Your indentation [use of spaces to indicate which code belongs in which loop/if-statement etc] is abysmal - this may be because you use a mix of spaces and tabs in your editor. Most editors have a setting to say "use spaces instead of tabs" - so if your code looks very different in your editor than on the forum page, you may want to check if there is a setting like that.
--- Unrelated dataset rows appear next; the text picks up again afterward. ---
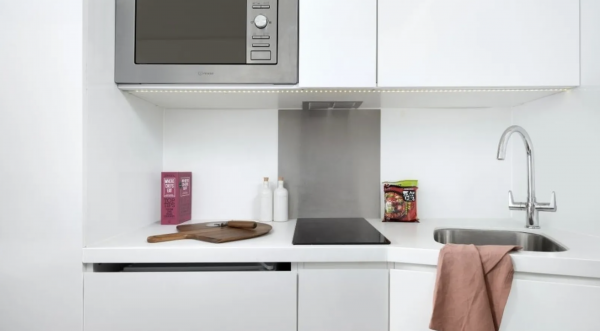 Own kitchen (w/ built-in microwave, induction, sink, fridge) and bathroom
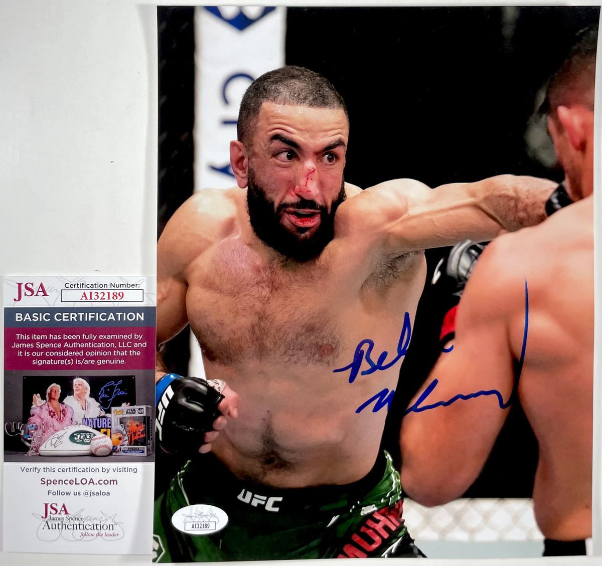 Professionally printed 8×10 photo, hand signed by UFC Welterweight Fighter, Belal Muhammad. This is a clean, well placed signature that really pops off of this crisp, professionally printed 8×10 photo. Item has been authenticated by James Spence Authentications, and includes the JSA Certificate of Authenticity card.
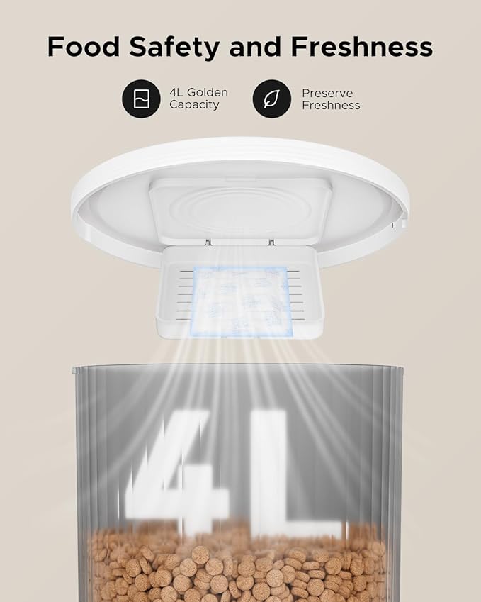 - Freshness Preservation: The cat feeders automatic cat food is with desiccant pouch and closed pet food outlet. With the advanced pet food preservation system, you can rest assured knowing that your furry friend gets every kibble fresh
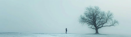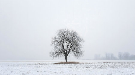 A lone, leafless tree stands in a snowy field shrouded in fog. Serenity and winter's stillness are captured.

I don't think putting delay loops is the best idea. Use Sleep() or some similar funciton, it will have the same effect, but not use 100% of the CPU time for the duration of the delay - and the delay won't vary depending on the speed of the processor. What takes 1 second on a really old 486 processor probably takes a tenth of a second on a 2-year old processor, and less on the latest greatest processors.

--
Mats

However, one thing you could do is to ENCRYPT the incoming password, rather than decrypt the "correct" password. That way, the correct password is never available as clear-text, which does help security somewhat.

Wow, that seems obvious but it never occurred to me-- thanks Mats!

//Switching the cipher to code the entry would be a pretty quick fix, but just for the sake of
//learning (and for fun) I might try to use Xor encryption instead (I mean, I might as well put that nifty code snippet from mikeman to use) :-P


As for the Sleep() function: (what it does, how to implement it, etc.)

Google is my friend.

I'm not sure what the Sleep() function does, but to "set it up so the user is automatically logged out after X number of attempts" is easy without having to nest a for loop. Just use the for loop plainly, the code would be "for(x=1;x<=5;x++)". Then have the code to check if (entry!=decrypt) inside the for loop. This would give the user 5 tries to get the password correct before exiting the loop.

From MSDN:
The Sleep function suspends the execution of the current thread for at least the specified interval.
It takes only one argument - the number of milliseconds to sleep.

note that it is a Windows-specific function.

Confusingly, the Unix variant, sleep(unsigned int) (note the lowercase "s") takes the number of seconds to sleep for.